PROBLEM STATEMENT:
Leave out the images and output the records word for word.
——
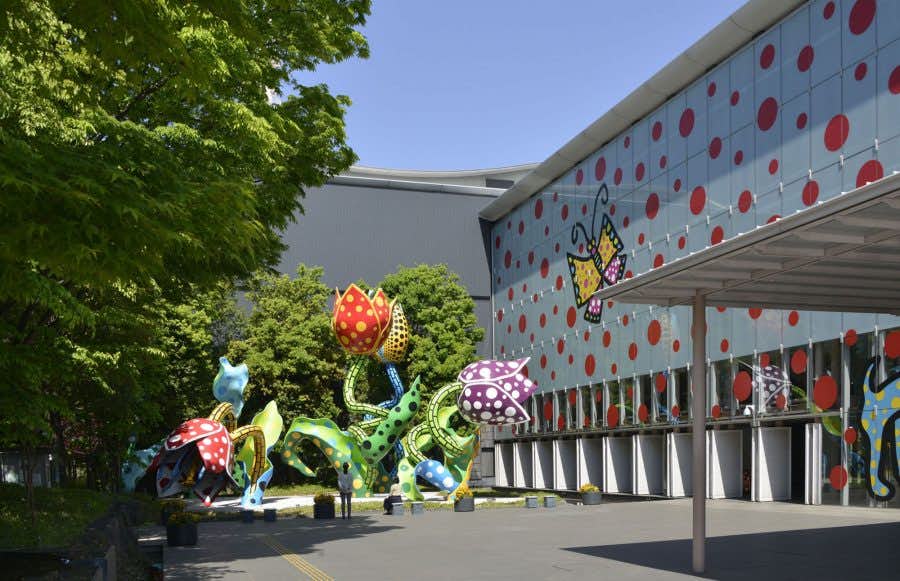 (左から)《幻の華》《松本から未来へ》 松本市美術館蔵 ©YAYOI KUSAMA
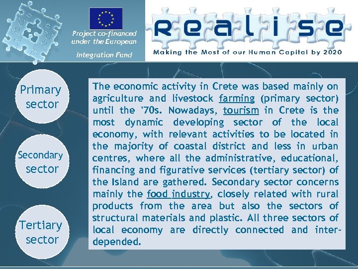 Project co-financed under the European Integration Fund Primary sector Secondary sector Tertiary sector The economic activity in Crete was based mainly on agriculture and livestock farming (primary sector) until the '70 s. Nowadays, tourism in Crete is the most dynamic developing sector of the local economy, with relevant activities to be located in the majority of coastal district and less in urban centres, where all the administrative, educational, financing and figurative services (tertiary sector) of the Island are gathered. Secondary sector concerns mainly the food industry, closely related with rural products from the area but also the sectors of structural materials and plastic. All three sectors of local economy are directly connected and interdepended.
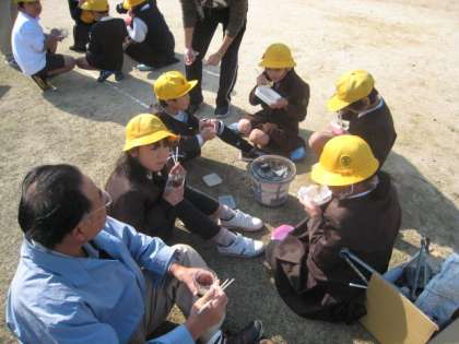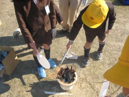 3年生は社会科で昔の暮らしについて学習しています。今回は、地域の皆様に来ていただき七輪の火起こしをしてお餅を焼きました。地域の皆様にわかりやすく火起こしの仕方を教えていただいたので、早くに炭に火が付き、お餅を焼くことができました。七輪の仕組みに興味をもち、七輪の良さについて考えることもできました。最後は教室で、地域の皆様へ昔の暮らしについて質問をさせていただきました。
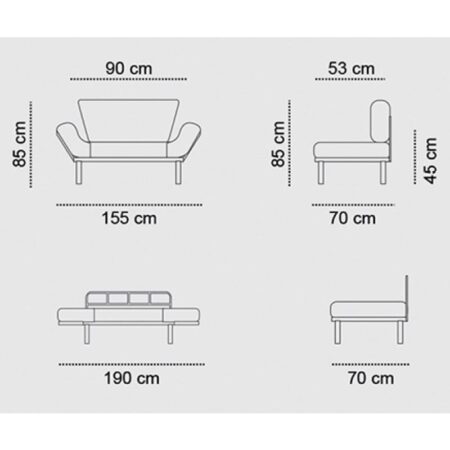 Καναπές-κρεβάτι Breathe ύφασμα ανθρακί 167x77x73εκ
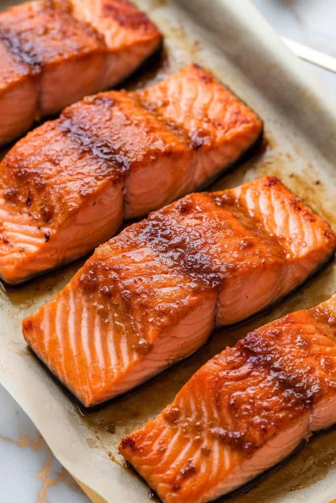 Store leftover salmon in an airtight container in the fridge for up to 3 days. Reheat gently in the oven at 300°F or eat cold on a salad or grain bowl. Glaze may thicken more after chilling — just warm slightly to loosen.
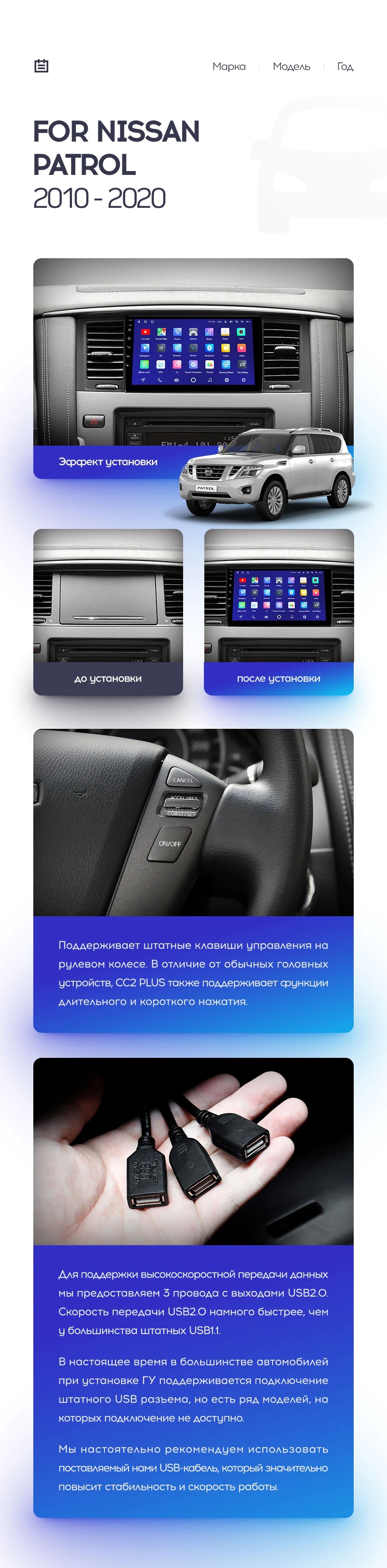 Полный комплект установки магнитолы Teyes с рамкой и проводкой можно выбрать в каталоге штатных магнитол Nissan Patrol Y62 (2010-2020).
——
RESPONSE BELOW:
 (左から)《幻の華》《松本から未来へ》 松本市美術館蔵 ©YAYOI KUSAMA
 Project co-financed under the European Integration Fund Primary sector Secondary sector Tertiary sector The economic activity in Crete was based mainly on agriculture and livestock farming (primary sector) until the '70 s. Nowadays, tourism in Crete is the most dynamic developing sector of the local economy, with relevant activities to be located in the majority of coastal district and less in urban centres, where all the administrative, educational, financing and figurative services (tertiary sector) of the Island are gathered. Secondary sector concerns mainly the food industry, closely related with rural products from the area but also the sectors of structural materials and plastic. All three sectors of local economy are directly connected and interdepended.
 3年生は社会科で昔の暮らしについて学習しています。今回は、地域の皆様に来ていただき七輪の火起こしをしてお餅を焼きました。地域の皆様にわかりやすく火起こしの仕方を教えていただいたので、早くに炭に火が付き、お餅を焼くことができました。七輪の仕組みに興味をもち、七輪の良さについて考えることもできました。最後は教室で、地域の皆様へ昔の暮らしについて質問をさせていただきました。
 Καναπές-κρεβάτι Breathe ύφασμα ανθρακί 167x77x73εκ
 Store leftover salmon in an airtight container in the fridge for up to 3 days. Reheat gently in the oven at 300°F or eat cold on a salad or grain bowl. Glaze may thicken more after chilling — just warm slightly to loosen.
 Полный комплект установки магнитолы Teyes с рамкой и проводкой можно выбрать в каталоге штатных магнитол Nissan Patrol Y62 (2010-2020).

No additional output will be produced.